Jak nigdy, do 1.00 w nocy oglądałem  film „6 kul”  prod. USA z 2012 (TV Polsat) i dziwiłem się, że ktoś pozwala na emisję okrucieństwa, a właściwie podpowiadanie jak można w wyrafinowany sposób zabijać ludzi. Wyjaśniła to później odczytana intencja, bo tam była sprawa porywania dziewic dla jakiegoś szejka.

   W obrządku kościelnym mamy pierwszą sobotę i była czytana litania do MMP, a później uczestniczyłem w Mszy św. z następowym nabożeństwem do Serca Pana Jezusa zakończonym błogosławieństwem Monstrancją.

    Dzisiaj 12-letni Pan Jezus „zagubił się” w Jerozolimie, a Matka z Józefem sądzili, że znajduje się wśród krewnych i znajomych...uszli dzień drogi, ale tam Go nie było i dopiero po 3 dniach zastali Go siedzącego „między nauczycielami”.

    Jeżeli nie straciłeś dziecka to nie zrozumiesz tego cierpienia o którym donosi codzienna prasa. Niedawno 200 osób z żołnierzami szukało 7-letniego Japończyka, którego rodzice chcieli przestraszyć zostawieniem w ogromnym lesie. Yamato Tanooka został odnaleziony dopiero po tygodniu.

    W Salwadorze zamieniono noworodki, a rodziny dopiero po roku odzyskały „swoje dzieci”. Wyobraź sobie radość i smutek ich rodziców. U nas babcia wyszła z 2.5 letnią wnuczką i zgubiła ją.

   Jeszcze „wczoraj” władza mająca charakter okupacyjny w swoim zatroskaniu odbierała dzieci ze względu na sytuację finansową rodziców, a nawet ze względu na wiarę matki (mistykę), którą „przebiegli” psychiatrzy uznali za chorą psychicznie.
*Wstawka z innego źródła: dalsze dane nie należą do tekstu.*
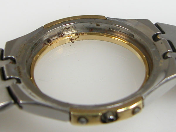 ベゼルの隙間の汚れ。これこそ洗浄コースならではの効果が出ます。

Przed rozprawą napisałem protest do tego sądu i nie doszło do skandalicznego wyroku.  

    Ogarnij teraz barbarzyństwo Państwa Islamskiego...porywają całe zakony, zabijają w demonicznym amoku. Trudno nawet sobie wyobrazić cierpienie ludzi na terenach, które traktują jako swoje tam, gdzie staje ich noga...nawet, gdy przyjmowani są z miłością!

    W drodze pod mój krzyż zacząłem odmawiać moją modlitwę. Napłynęły obrazy matek, które tracą dzieci przez poronienia i niechciane  aborcje, a także tracące dzieci z powodu nałogów, zażywania „dobijaczy”, uciekających do oszukańczych sekt oraz odwracających się od rodziców z różnych względów, bo Szatan ma nieskończony repertuar w rozbijaniu rodzin.
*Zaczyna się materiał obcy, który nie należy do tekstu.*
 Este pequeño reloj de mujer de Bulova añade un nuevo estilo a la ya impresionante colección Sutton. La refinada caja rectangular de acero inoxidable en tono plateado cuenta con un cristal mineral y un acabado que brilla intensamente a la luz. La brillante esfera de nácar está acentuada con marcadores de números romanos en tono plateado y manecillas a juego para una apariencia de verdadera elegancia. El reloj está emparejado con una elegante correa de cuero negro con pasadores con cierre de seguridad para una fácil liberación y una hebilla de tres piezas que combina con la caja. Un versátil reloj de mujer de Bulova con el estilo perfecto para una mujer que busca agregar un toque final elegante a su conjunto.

    Dopiero podczas odmawiania drogi krzyżowej w wielkiej jasności napłynęło cierpienie Matki Bożej, która wiedziała, co stanie się z Jej Synem. Po pierwszym upadku Pana Jezusa spotkali się, a Matka wytrwała pod krzyżem aż do śmierci Syna.

     To było dla mnie wielkie zaskoczenie, bo moją duszę zalało cierpienie i w jednej sekundzie straciłem ciało fizyczne wpadając w ekstazę, a smutek sprawił łzy w oczach. Modlitwa normalna przeszła w „krzyk duszy” zjednanej  z Bogiem Ojcem, a tego stanu nie można przekazać żadnym językiem.
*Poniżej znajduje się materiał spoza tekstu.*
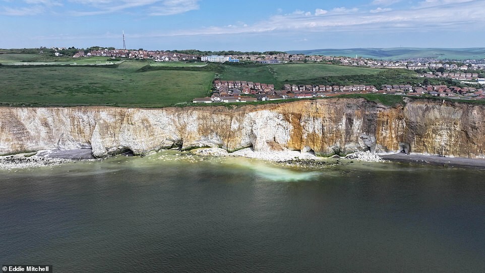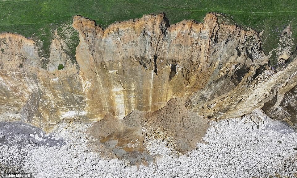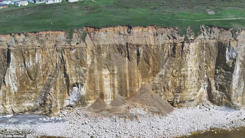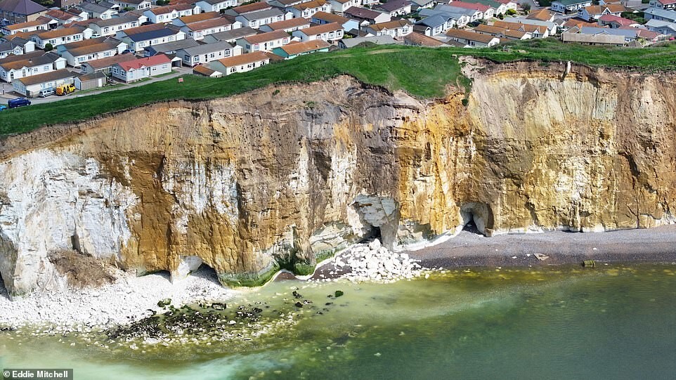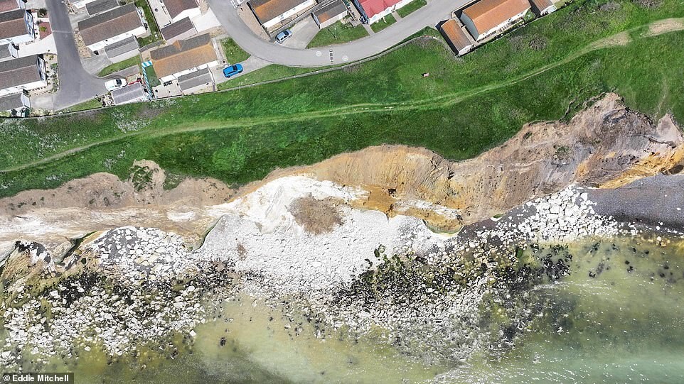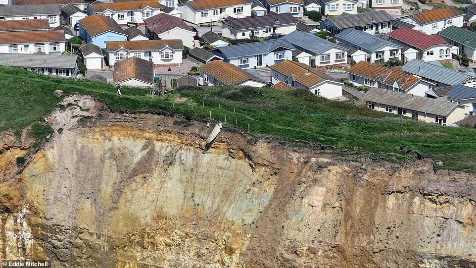 На опубликованных в сети аэроснимках показано, что передвижные дома стоят на опасном расстоянии от края скалы, а люди продолжают ходить по побережью.

   Podczas odmawiania św. Agonii spotkałem matkę syna, który zginął w Legii Cudzoziemskiej. Dodatkowym cierpieniem jest brak ciała z grobem utraconego dziecka. Tak się stało z zamordowanym w lutym 2008 r. Mateuszkiem Domaradzkim, bo morderca nie wskazał miejsca zwłok.

  Każdy też wie jak uderzono w Ryszarda Kuklińskiego, którego nie mogła dopaść zemsta bolszewicka...stracił dwóch synów, a po jednym nie ma żadnego śladu...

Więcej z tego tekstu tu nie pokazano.